Categories
Lessons Medicine Nonfiction

Treatment Options.

Reading this essay, A Major Problem With Compulsory Mental Health Care Is the Medication, made me think of the following anecdote. I’ll say more about compulsory mental health care (also called involuntary psychiatric treatment) and involuntary medications in a separate post.


Long time readers (from 2004—close to 20 years ago! thanks for spending decades with me!) will recall a physician I dubbed the Special Attending. (In this post from 2019 I identify him by his first name, Matthew.) I am certain that I wrote about the following anecdote at the time it happened; I was upset and distressed. The Special Attending was not a desirable flavor of “special” at this point. Frankly, I believed he was unnecessarily cruel and unfeeling.
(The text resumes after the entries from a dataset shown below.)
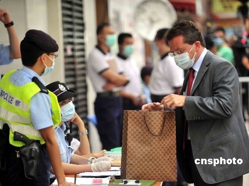 五月四日,香港湾仔维景酒店住客及职员继续被隔离进入第四天。图为陆续有市民将东西带给被隔离人士。中新社发 谭达明 摄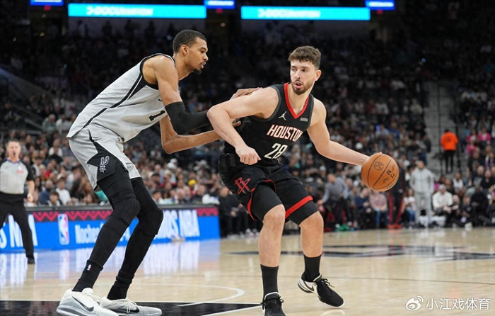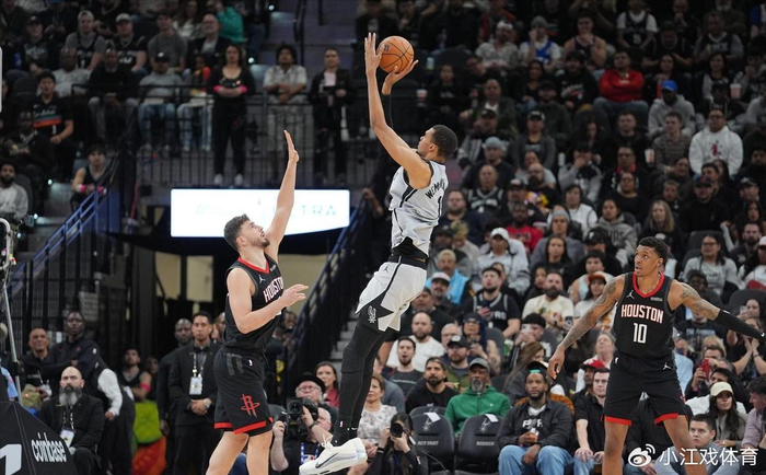 与申京直接对位的文班亚马,贡献29分8篮板1助攻4盖帽2抢断,没有出现失误,个人正负值高达+27,两人的数据放在一起对比,高下立判。事实上,别看申京运动战还是有12中7的进攻效率,这完全得益于裁判宽松的吹罚尺度,不然以他撅腚单打时,对着文班挥舞的铁肘开道打法,早就犯满离场了。同为新一代的内线全明星,申京相较文班亚马的差距,恐怕比这场比赛数据上的体现要大得多——文班亚马职业生涯共送给申京13次盖帽,后者是被文班送出盖帽最多的球员。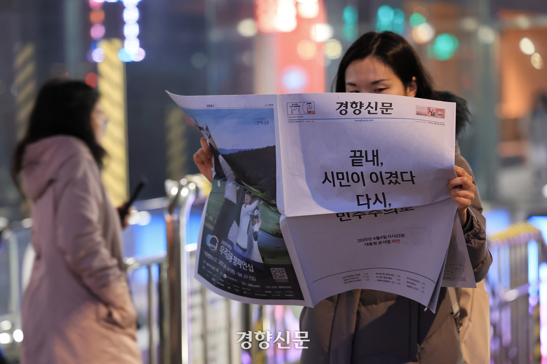 한 시민이 지난 4일 서울 지하철 1호선 시청역 인근에서 윤석열 대통령 파면을 알리는 경향신문 특별판을 읽고 있다. 이준헌 기자 |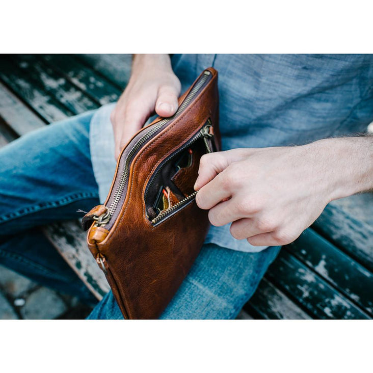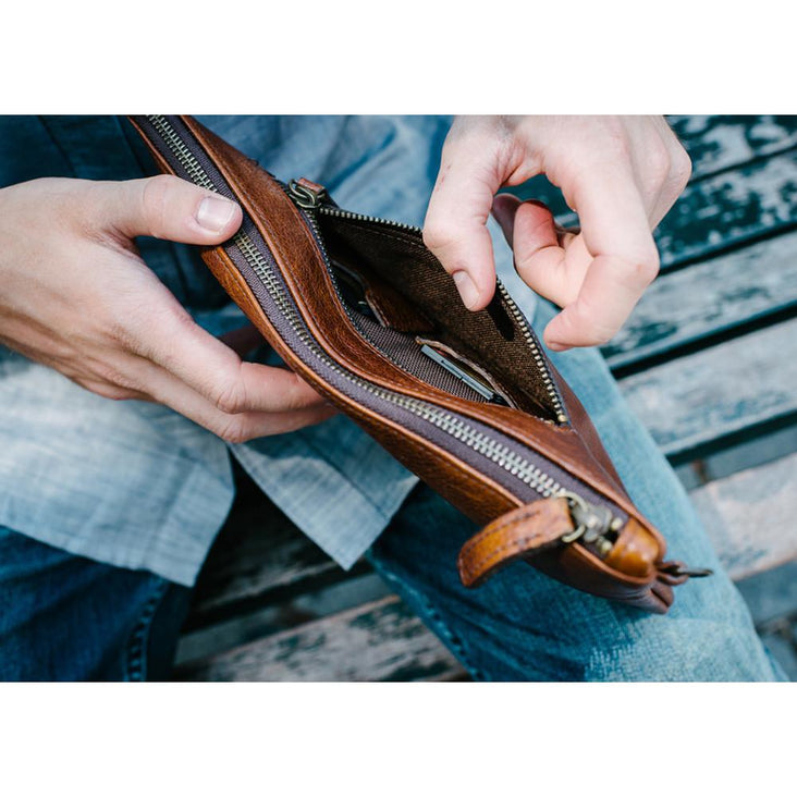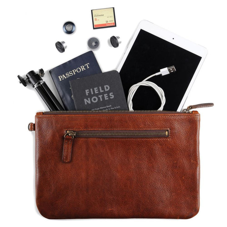 Protect and transport small items with The North Sound Photo Accessories Case, in walnut, from ONA. It accommodates an iPad mini or smartphone along with 1-2 mobile photography lenses and small essentials, such as batteries, lens caps, and cloths. Additionally, a front zippered pocket provides slots for 4 memory cards. The North Sound is handcrafted from Italian leather and features antique brass zippers. It can be carried by hand or via the detachable wrist strap.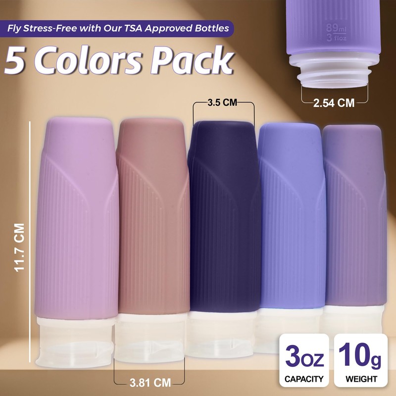 Trellv 3 Oz Silicone Travel Bottles for Toiletries - Set of 5 TSA Approved Travel Bottles Leak Proof & Squeezable - Toiletry Bottles with Zipper Bag & Stickers for Shampoo Conditioner Lotion (Purple)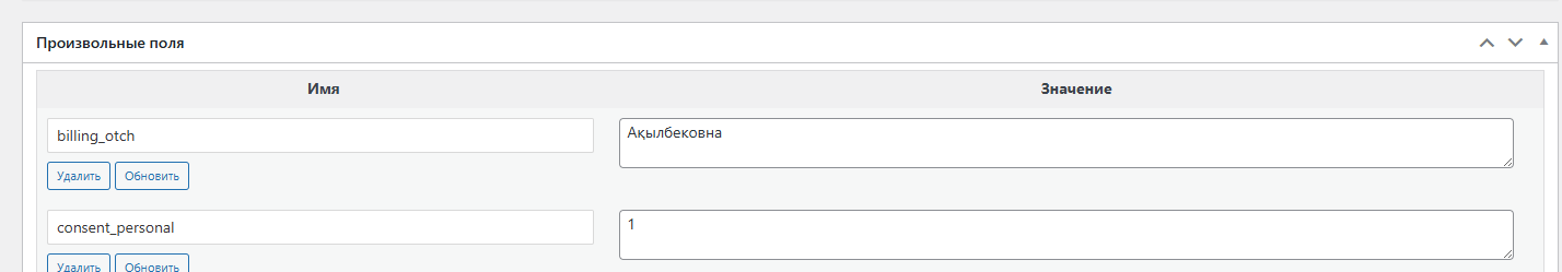 Изменяем на верные данные и нажимаем справа "Обновить".

I was an intern on the general medicine service. The patient was an elderly, frail woman with multiple medical conditions. She looked and sounded ill; the numbers from her blood and imaging studies confirmed her health was deteriorating.

The senior resident, the other intern, and the medical students all expressed concern about her viability. She looked miserable; she told us with her weak voice that she felt exhausted and uncomfortable. Why are we still poking and prodding her? we wondered. What are we doing?

“We should put her on comfort care,” someone offered. This quickly became the team consensus. We all knew the adage: Cure sometimes, relieve often, comfort always. With confidence that bloomed from the shallow earth of inexperience, we believed that none of our interventions would cure her. The pathway to relief, from our distressed perspective, was only through comfort care.

We—probably me, since this was my patient—proposed this plan with certainty to the Special Attending.

“No,” he replied. It wasn’t that he uttered only one syllable and nothing more. He was frowning. Though I had only worked with him for a few days, it was clear that he was radiating disappointment and disapproval.

Maybe it was me; maybe it was someone else with more courage who finally sliced into the uneasy silence by asking, “Why?”

Because we haven’t tried everything yet, he tersely answered, making no eye contact with any of us. There are still things we could do.

After rounds, we grumbled as a team. “Why is he making us do this?” we whined. “We’re the ones who have to tell her about next steps and do all the things. She’s not going to want this. She’s already suffering so much.”

See, the thing is, we couldn’t tolerate her suffering. We couldn’t bear to witness the deterioration of her body. We didn’t want to try another thing that would fail and prolong our mutual suffering. And what better way to help us escape than by limiting options and withdrawing?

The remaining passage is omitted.